You can recognize single checkmarks as well as checkmark groups.
One check box corresponds to one CheckmarkBlock object. Possible check box statuses: checked, not checked, corrected. They correspond to CheckmarkCheckStateEnum. A corrected checkmark is a checkmark that was put in the check box and then was crossed out by the user.
For a checkmark group, you can specify a minimum and a maximum number of checked check boxes in the group (MinimumCheckedInGroup and MaximumCheckedInGroup, respectively). These values can be set through the CheckmarkGroup object and will be used during recognition.
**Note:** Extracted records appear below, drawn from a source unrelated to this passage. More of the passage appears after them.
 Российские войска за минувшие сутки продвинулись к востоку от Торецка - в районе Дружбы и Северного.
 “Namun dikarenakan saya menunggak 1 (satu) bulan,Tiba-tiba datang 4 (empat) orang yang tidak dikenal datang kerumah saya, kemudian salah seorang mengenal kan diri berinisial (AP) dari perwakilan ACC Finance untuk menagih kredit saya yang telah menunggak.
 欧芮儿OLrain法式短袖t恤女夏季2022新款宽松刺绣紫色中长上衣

All the checkmarks within a checkmark group must have the same values for the IsCorrectionEnabled and CheckmarkType properties.
The state of the checkmark is calculated according to the percentage of black pixels in the region. It is the smallest for the unchecked checkmark, greater for the checked checkmark, and the largest for the corrected checkmark. Therefore for the right recognition result, it is essential to:
- set the checkmark type correctly because the CMT_Circle and CMT_Square type checkmarks have a black frame, which needs to be taken into account when calculating the percentage;
- specify the exact region of the checkmark because the percentage of black would be calculated across the whole region, and if some irrelevant areas are included in the region, the estimate may deteriorate.
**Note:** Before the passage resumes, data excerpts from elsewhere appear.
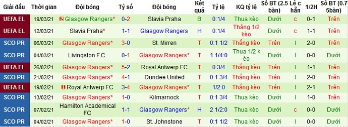 Trong khi đó Rangers mới đây đã bị loại khỏi Europa League bởi Slavia Praha sau khi hòa trên sân đối phương nhưng lại để thua ngay trên sân nhà. Thế nên giờ đây Rangers sẽ chỉ còn lo tập trung vào giải quốc nội, nơi đội bóng đang bất bại tới 33 trận liên tiếp. Tuy nhiên trên sân khách Rangers chỉ đang thắng 3 và hòa 2 ở 5 lần du đấu gần đây.
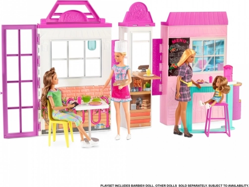 Ten realistyczny zestaw do zabawy w fast food oferuje dzieciom nieograniczone możliwości gry i opowiadania historii. Stylowy design, funkcjonalne elementy i bogate wyposażenie pobudzają wyobraźnię – od przyjmowania zamówień po serwowanie przy ladzie i w zewnętrznym boksie. W komplecie lalka BARBIE w sukience, uroczej różowej fartuszce i czapce kucharskiej, gotowa zostać kucharką, kelnerką i klientką.
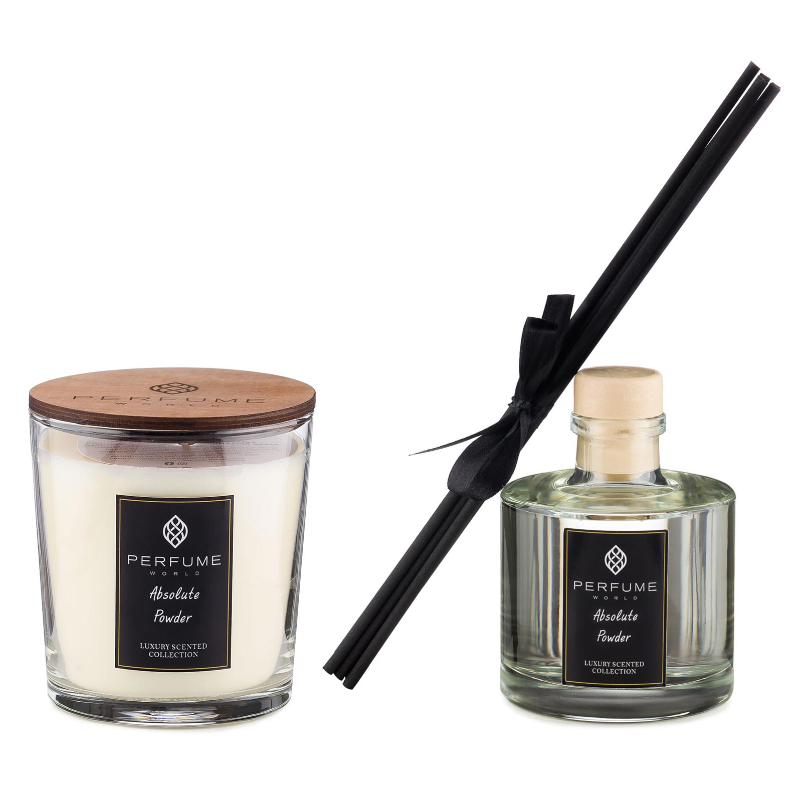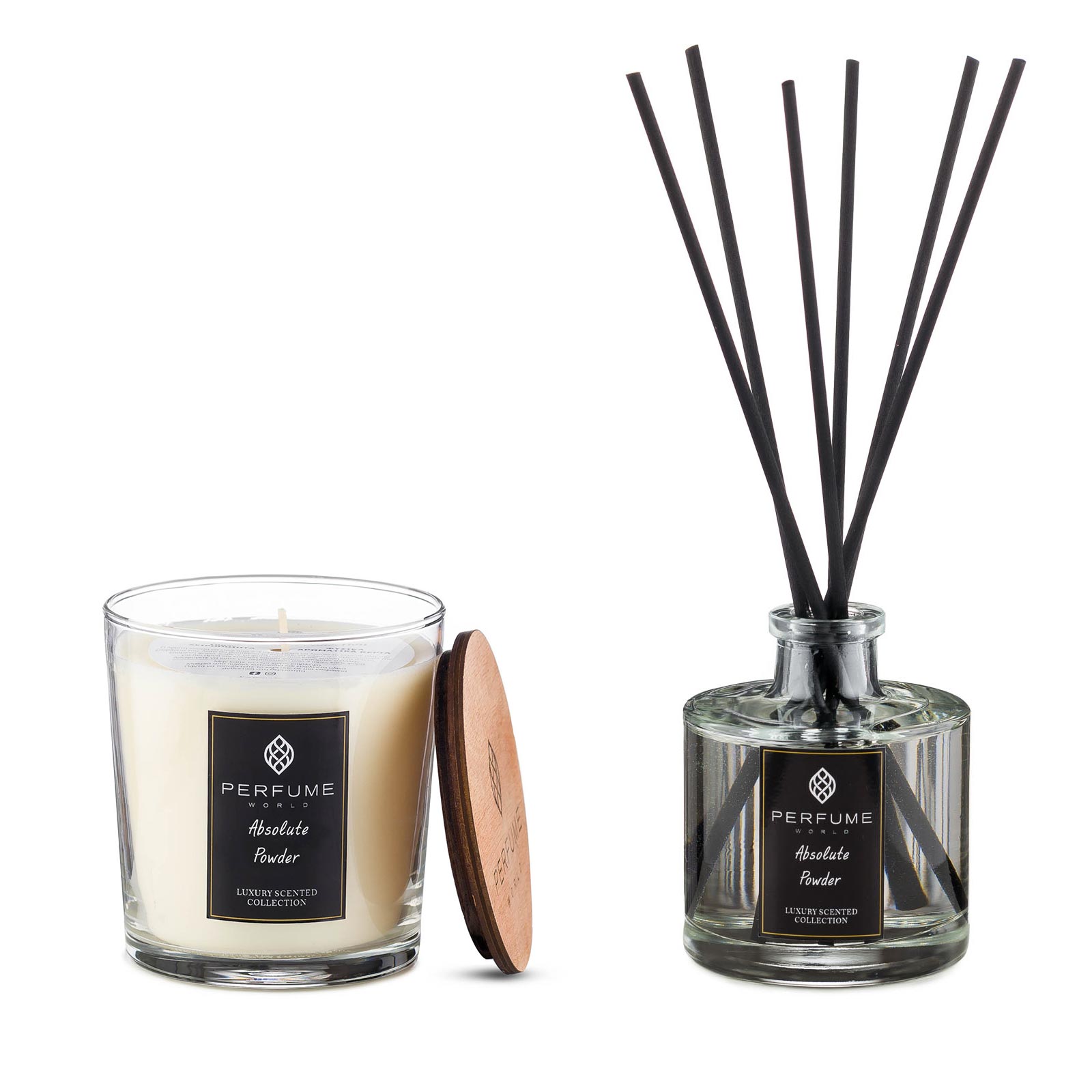 The set includes a 340g scented candle and a 200ml reed diffuser, along with 6 fibre bamboo sticks.

Recognizing a group of checkmarks
- Create a FRDocument object from an image with a checkmark group. For example, you can use the CreateFRDocumentFromImage method of the Engine object.
- Obtain the page with the image of the checkmarks from the collection of pages of the document (IFRDocument::Pages) — use the properties and methods of the FRPages collection.
- Obtain the Layout object which corresponds to this page via the IFRPage::Layout property.
- For each checkmark group:
- Create a Region object using the IEngine::CreateRegion method and add rectangles to it using the IRegion::AddRect method.
- Create a Block object of the checkmark group type and add it into the collection of layout blocks (ILayout::Blocks) by using the ILayoutBlocks::AddNew method (use the BT_CheckmarkGroup constant and the created Region object as input parameters. The method also requires the block index in the layout as the third input parameter).
- Obtain the CheckmarkGroup object (use the IBlock::GetAsCheckmarkGroup method).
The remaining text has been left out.